Selling Your Home During a Divorce in Ontario | Guide

by Kirby Chan, Broker

Selling Your Home During a Divorce or Separation in Ontario: A Practical Guide

If you are going through a separation or divorce, the home you shared is likely your largest financial asset and possibly the most emotionally charged decision in the process. This guide does not tell you what to feel. It tells you what you need to know about the real estate side: your options, how Ontario law treats the matrimonial home, the financial math behind each choice and how to navigate a sale when both parties need to agree but may not agree on much.

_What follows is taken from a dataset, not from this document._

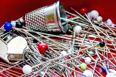 Sewing needles of different sizes in a set of red on a black background. Macro

Quick takeaway: Under Ontario's Family Law Act, both spouses have equal right to possess the matrimonial home regardless of whose name is on the title. Neither spouse can sell, mortgage or change the locks without the other's consent. You have three options: sell the home and divide the proceeds, one spouse buys out the other's share or co-own temporarily while one spouse remains in the home. Each option has different financial, tax and emotional implications. In York Region's 2026 buyer's market, selling requires realistic pricing and patience. This guide covers the practical real estate decisions. For legal advice specific to your situation, work with a family law lawyer.

Table of Contents

How Ontario Treats the Matrimonial Home

Under Ontario's Family Law Act (FLA), the matrimonial home has a unique legal status. It is defined as any property that was ordinarily occupied by both spouses as their family residence at the time of separation. This applies whether the home is owned by both spouses jointly or by one spouse alone.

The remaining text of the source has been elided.